**DATA PROVIDED**.
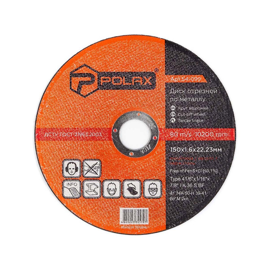 Диск Polax абразивний відрізний по металу 41 14А 150х1,6х22,23 (54-099): надійний вибір для професіоналів
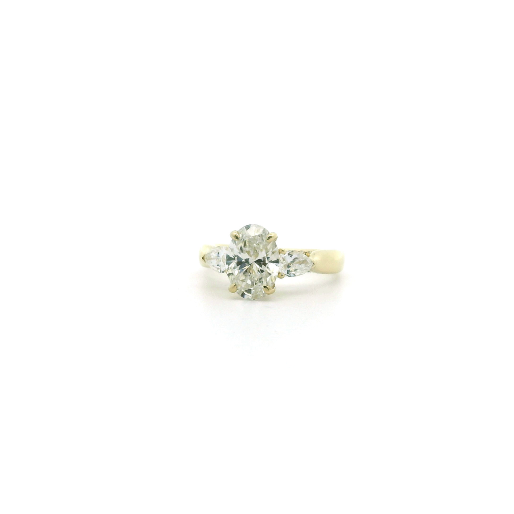 Yellow 14 Karat Lab Grown Diamond Engagement Rings With One 2.00Ct Oval F Vs1 Diamond IGI , 2=0.65Tw Pear F/G Vs2 lab grown Diamonds And (22) round lab grown diamonds for total diamond weight of 2.65cttw 3.14dwt
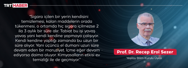 “Tabiat bu işi yavaş yavaş yani kendi kendine yapmaya çalışıyor. Kendi kendine yaptığı zamanda bu uzun bir süre alıyor. Yani üçüncü el dumanı uzun süre devam eden bir maruziyet. İçme eğer devam ediyorsa daima oluyor. Kimyasalların etkisi ev temizliği ile de geçmiyor.”
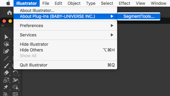 Open Adobe Illustrator and show “About Plug-ins (BABY-UNIVERSE INC.)” in the Illustrator menu (Help menu on Windows.)
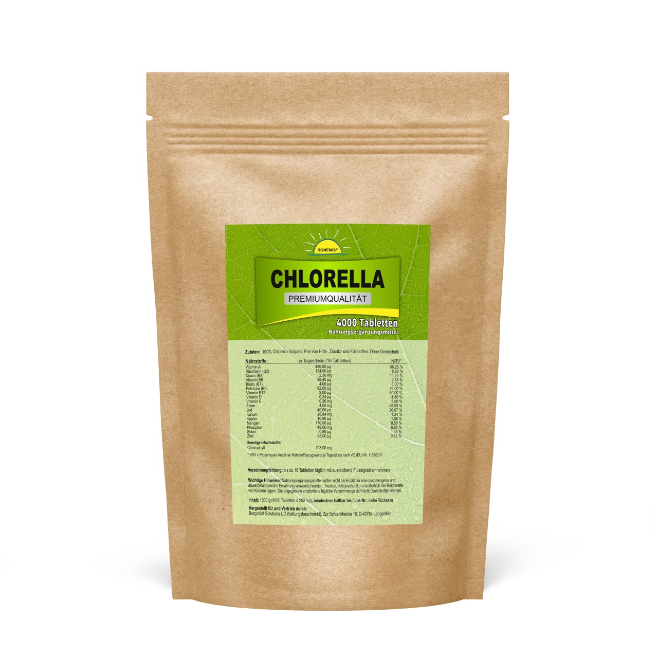 Bonemis® Chlorella Vorrats-/Nachfüllpack, 1000 oder 4000 Presslinge, ohne Zusatzstoffe, im Beutel
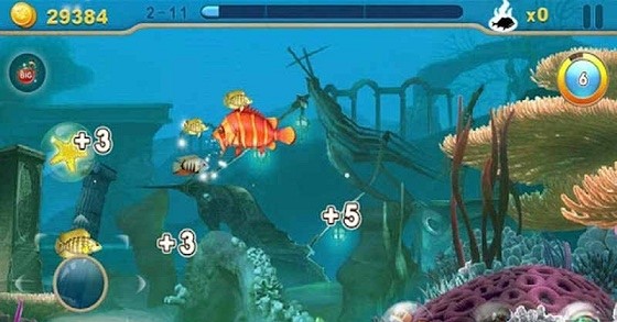 2、吞食小鱼成长壮大,瞄准比自己体型小的鱼类进行捕食,每成功吞食一条鱼就会获得成长值,逐渐增大体型提升生存能力。
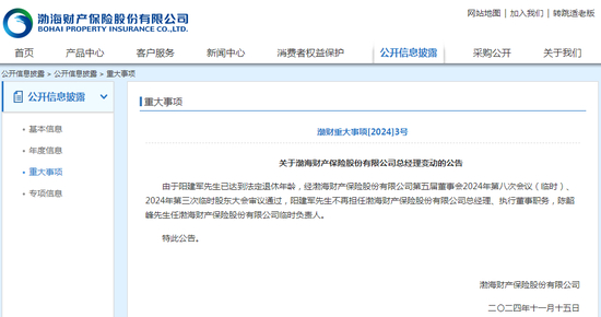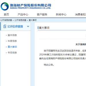 近日,渤海财产保险股份有限公司(简称“渤海财险”)发布公告称,由于阳建军已达到法定退休年龄,经公司第五届董事会2024年第八次会议(临时)、2024年第三次临时股东大会审议通过,阳建军不再担任渤海财产保险股份有限公司总经理、执行董事职务,陈韶峰任渤海财产保险股份有限公司临时负责人。
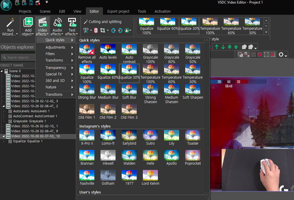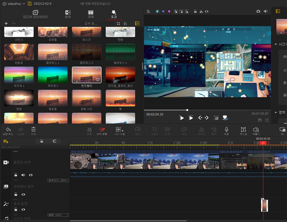 생각보다 많은 효과들을 지원하는 부분도 나쁘진 않았습니다. 아쉽다면 파일 추가가 너무 오래 걸려서 답답함이 든다는 점과 안정화나 특수효과, 컬러보정 등 아주 전문적인 기능이 없는 부분은 좀 아쉬웠습니다.
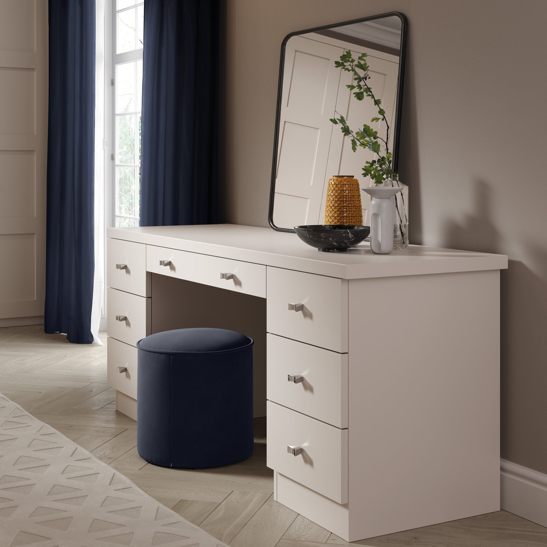 This contemporary interpretation of the timeless shaker style is perfect for those who prefer a bedroom that’s suited to a modern lifestyle. The rich and luxurious painted finish in our own colour, Comfrey adds a sense of quality that is difficult to imitate. Simplicity is key for this design, with the run of shaker style fitted wardrobes aligning perfectly to the wall, feeling like it’s part of the room itself. A complementary dressing table, perfect for getting ready in the morning, is designed with ample storage and style to match.
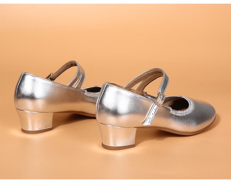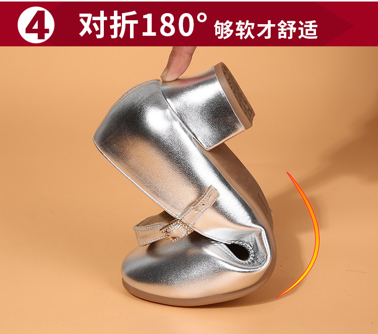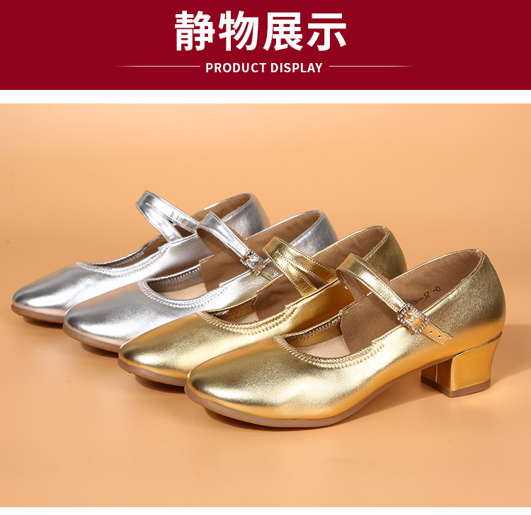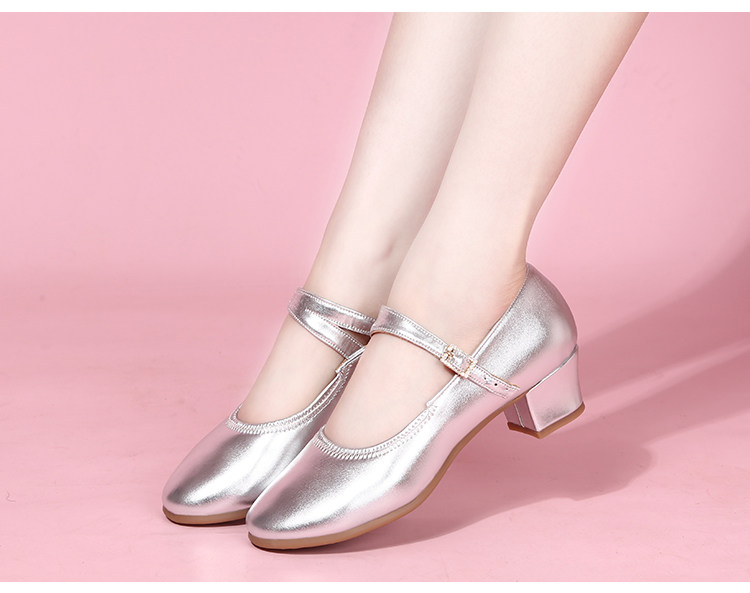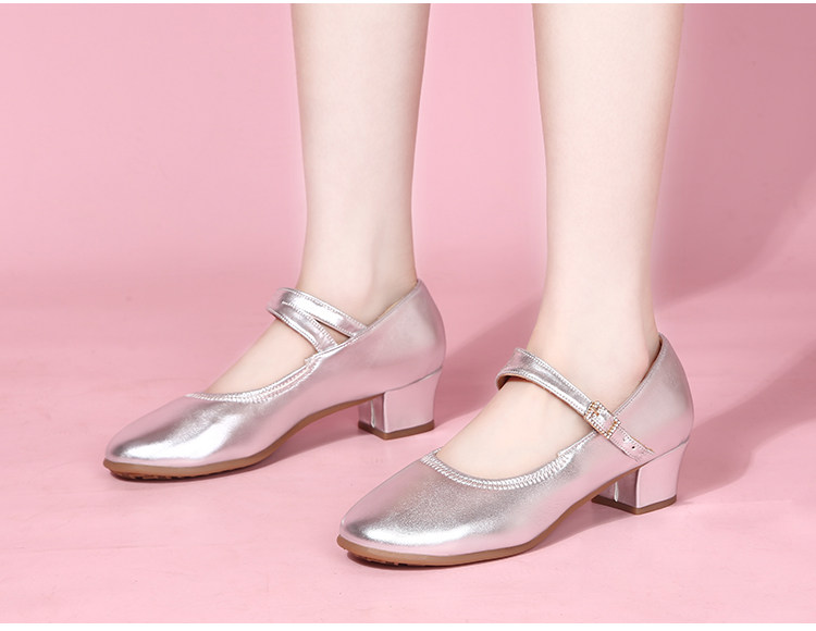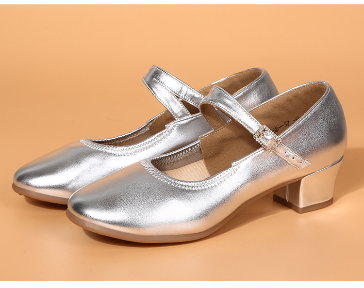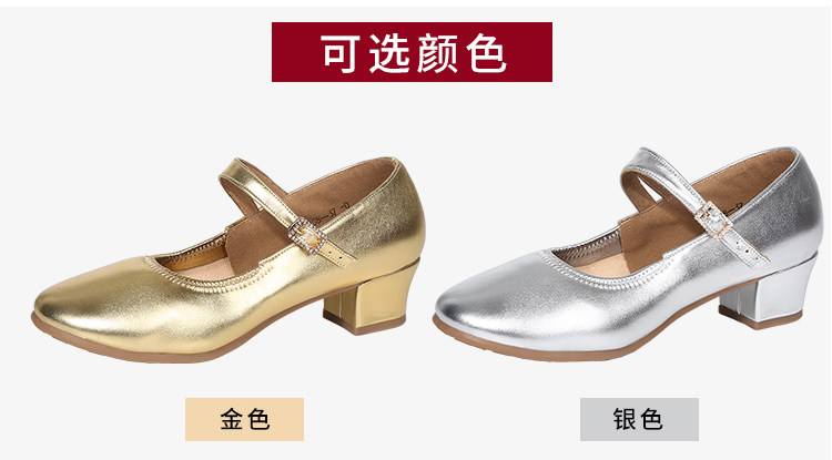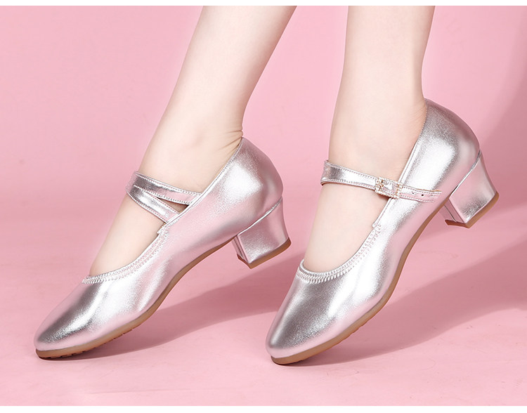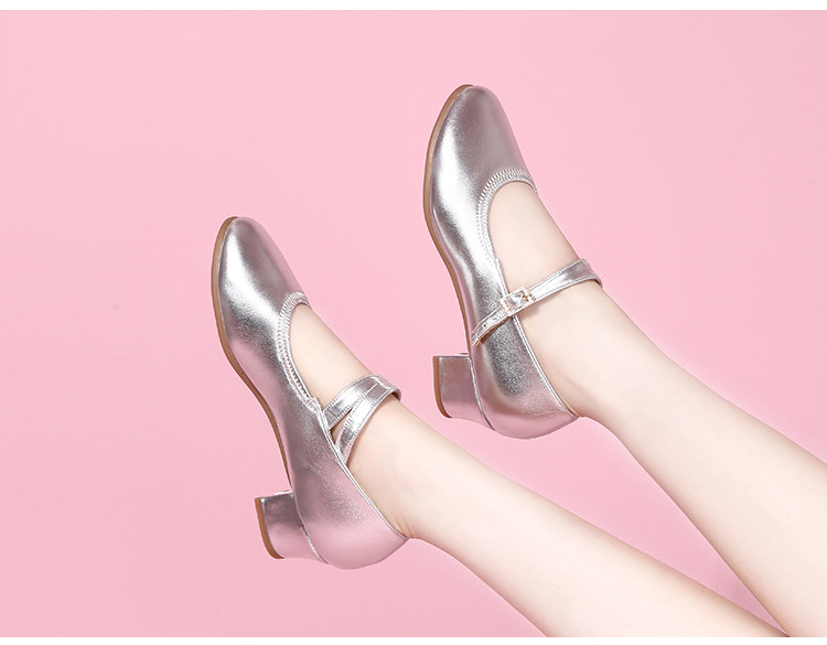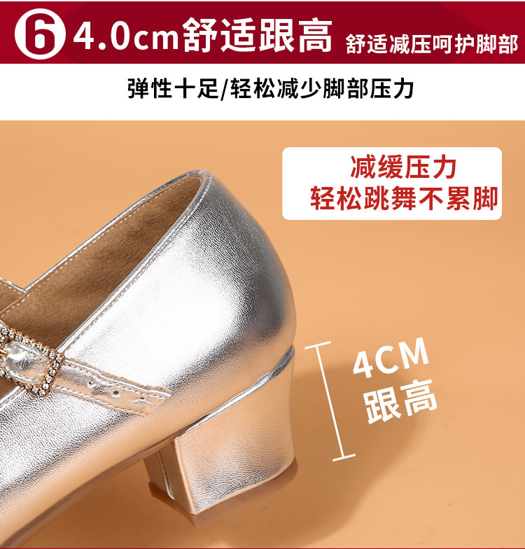 真皮四季牛筋底跳舞女鞋中跟软底广场舞夏天鞋跳舞单鞋银色演出鞋
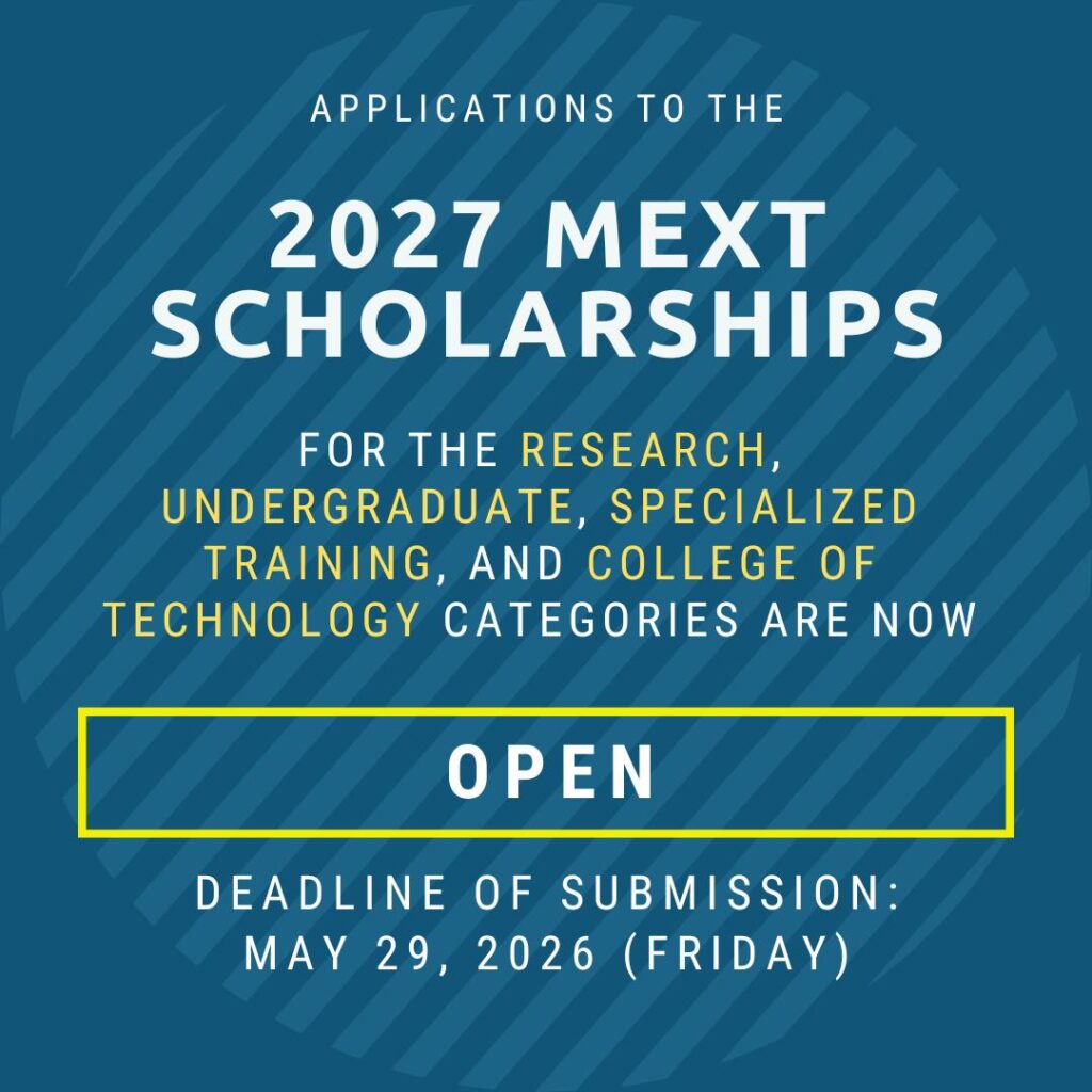 The Japan Information and Culture Center (JICC) of the Embassy of Japan in the Philippines is now accepting applications for four categories under the Japanese Government (MEXT) Scholarship Program: Research, Undergraduate, Specialized Training, and College of Technology. This will be for the 2027 intake of the program.

**TASK DESCRIPTION**. Look above for the line containing "Open Adobe Illustrator", then copy exactly from it through the line containing "真皮四季牛筋底跳舞女鞋中跟软底广场舞夏天鞋跳舞单鞋银色演出鞋", keeping both and leaving out pictures. Add nothing else.

**RESPONSE**.
 Open Adobe Illustrator and show “About Plug-ins (BABY-UNIVERSE INC.)” in the Illustrator menu (Help menu on Windows.)
 Bonemis® Chlorella Vorrats-/Nachfüllpack, 1000 oder 4000 Presslinge, ohne Zusatzstoffe, im Beutel
 2、吞食小鱼成长壮大,瞄准比自己体型小的鱼类进行捕食,每成功吞食一条鱼就会获得成长值,逐渐增大体型提升生存能力。
 近日,渤海财产保险股份有限公司(简称“渤海财险”)发布公告称,由于阳建军已达到法定退休年龄,经公司第五届董事会2024年第八次会议(临时)、2024年第三次临时股东大会审议通过,阳建军不再担任渤海财产保险股份有限公司总经理、执行董事职务,陈韶峰任渤海财产保险股份有限公司临时负责人。
 생각보다 많은 효과들을 지원하는 부분도 나쁘진 않았습니다. 아쉽다면 파일 추가가 너무 오래 걸려서 답답함이 든다는 점과 안정화나 특수효과, 컬러보정 등 아주 전문적인 기능이 없는 부분은 좀 아쉬웠습니다.
 This contemporary interpretation of the timeless shaker style is perfect for those who prefer a bedroom that’s suited to a modern lifestyle. The rich and luxurious painted finish in our own colour, Comfrey adds a sense of quality that is difficult to imitate. Simplicity is key for this design, with the run of shaker style fitted wardrobes aligning perfectly to the wall, feeling like it’s part of the room itself. A complementary dressing table, perfect for getting ready in the morning, is designed with ample storage and style to match.
 真皮四季牛筋底跳舞女鞋中跟软底广场舞夏天鞋跳舞单鞋银色演出鞋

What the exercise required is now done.